»»

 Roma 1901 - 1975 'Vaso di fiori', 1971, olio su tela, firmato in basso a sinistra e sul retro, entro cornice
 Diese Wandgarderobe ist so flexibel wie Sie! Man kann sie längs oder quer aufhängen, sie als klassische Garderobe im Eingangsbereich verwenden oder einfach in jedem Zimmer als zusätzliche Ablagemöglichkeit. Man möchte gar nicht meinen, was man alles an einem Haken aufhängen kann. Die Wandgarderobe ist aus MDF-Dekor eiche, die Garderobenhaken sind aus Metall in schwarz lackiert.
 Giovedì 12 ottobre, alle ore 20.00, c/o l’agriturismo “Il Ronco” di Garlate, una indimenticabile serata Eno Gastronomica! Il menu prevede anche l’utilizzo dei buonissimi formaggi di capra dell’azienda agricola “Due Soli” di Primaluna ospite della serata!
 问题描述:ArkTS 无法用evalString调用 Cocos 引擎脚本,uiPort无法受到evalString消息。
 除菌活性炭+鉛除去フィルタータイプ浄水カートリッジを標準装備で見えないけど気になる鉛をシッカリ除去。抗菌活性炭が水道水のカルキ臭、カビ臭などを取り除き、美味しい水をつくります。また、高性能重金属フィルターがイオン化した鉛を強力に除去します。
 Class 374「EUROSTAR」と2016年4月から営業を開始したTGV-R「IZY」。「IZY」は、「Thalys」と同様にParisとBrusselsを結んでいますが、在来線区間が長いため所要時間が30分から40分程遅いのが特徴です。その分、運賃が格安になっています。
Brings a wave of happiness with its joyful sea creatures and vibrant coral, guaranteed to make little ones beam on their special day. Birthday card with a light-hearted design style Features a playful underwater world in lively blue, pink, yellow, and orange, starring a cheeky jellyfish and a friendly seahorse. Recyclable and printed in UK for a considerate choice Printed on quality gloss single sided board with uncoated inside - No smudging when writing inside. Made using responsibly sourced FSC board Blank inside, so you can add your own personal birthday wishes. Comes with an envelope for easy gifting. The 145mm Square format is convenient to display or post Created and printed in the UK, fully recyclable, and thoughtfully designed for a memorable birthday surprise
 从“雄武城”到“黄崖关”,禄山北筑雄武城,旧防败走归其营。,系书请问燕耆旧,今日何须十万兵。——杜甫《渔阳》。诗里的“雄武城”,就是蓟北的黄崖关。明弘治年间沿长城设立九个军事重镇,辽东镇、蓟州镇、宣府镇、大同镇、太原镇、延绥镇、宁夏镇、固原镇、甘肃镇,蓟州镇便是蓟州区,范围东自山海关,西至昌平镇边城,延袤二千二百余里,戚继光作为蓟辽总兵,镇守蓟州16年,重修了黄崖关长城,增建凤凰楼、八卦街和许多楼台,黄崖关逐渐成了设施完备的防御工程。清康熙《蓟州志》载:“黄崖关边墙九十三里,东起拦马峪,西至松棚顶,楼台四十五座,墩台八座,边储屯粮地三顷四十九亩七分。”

««

Could you restate the records above word for word?

 Roma 1901 - 1975 'Vaso di fiori', 1971, olio su tela, firmato in basso a sinistra e sul retro, entro cornice
 Diese Wandgarderobe ist so flexibel wie Sie! Man kann sie längs oder quer aufhängen, sie als klassische Garderobe im Eingangsbereich verwenden oder einfach in jedem Zimmer als zusätzliche Ablagemöglichkeit. Man möchte gar nicht meinen, was man alles an einem Haken aufhängen kann. Die Wandgarderobe ist aus MDF-Dekor eiche, die Garderobenhaken sind aus Metall in schwarz lackiert.
 Giovedì 12 ottobre, alle ore 20.00, c/o l’agriturismo “Il Ronco” di Garlate, una indimenticabile serata Eno Gastronomica! Il menu prevede anche l’utilizzo dei buonissimi formaggi di capra dell’azienda agricola “Due Soli” di Primaluna ospite della serata!
 问题描述:ArkTS 无法用evalString调用 Cocos 引擎脚本,uiPort无法受到evalString消息。
 除菌活性炭+鉛除去フィルタータイプ浄水カートリッジを標準装備で見えないけど気になる鉛をシッカリ除去。抗菌活性炭が水道水のカルキ臭、カビ臭などを取り除き、美味しい水をつくります。また、高性能重金属フィルターがイオン化した鉛を強力に除去します。
 Class 374「EUROSTAR」と2016年4月から営業を開始したTGV-R「IZY」。「IZY」は、「Thalys」と同様にParisとBrusselsを結んでいますが、在来線区間が長いため所要時間が30分から40分程遅いのが特徴です。その分、運賃が格安になっています。
Brings a wave of happiness with its joyful sea creatures and vibrant coral, guaranteed to make little ones beam on their special day. Birthday card with a light-hearted design style Features a playful underwater world in lively blue, pink, yellow, and orange, starring a cheeky jellyfish and a friendly seahorse. Recyclable and printed in UK for a considerate choice Printed on quality gloss single sided board with uncoated inside - No smudging when writing inside. Made using responsibly sourced FSC board Blank inside, so you can add your own personal birthday wishes. Comes with an envelope for easy gifting. The 145mm Square format is convenient to display or post Created and printed in the UK, fully recyclable, and thoughtfully designed for a memorable birthday surprise
 从“雄武城”到“黄崖关”,禄山北筑雄武城,旧防败走归其营。,系书请问燕耆旧,今日何须十万兵。——杜甫《渔阳》。诗里的“雄武城”,就是蓟北的黄崖关。明弘治年间沿长城设立九个军事重镇,辽东镇、蓟州镇、宣府镇、大同镇、太原镇、延绥镇、宁夏镇、固原镇、甘肃镇,蓟州镇便是蓟州区,范围东自山海关,西至昌平镇边城,延袤二千二百余里,戚继光作为蓟辽总兵,镇守蓟州16年,重修了黄崖关长城,增建凤凰楼、八卦街和许多楼台,黄崖关逐渐成了设施完备的防御工程。清康熙《蓟州志》载:“黄崖关边墙九十三里,东起拦马峪,西至松棚顶,楼台四十五座,墩台八座,边储屯粮地三顷四十九亩七分。”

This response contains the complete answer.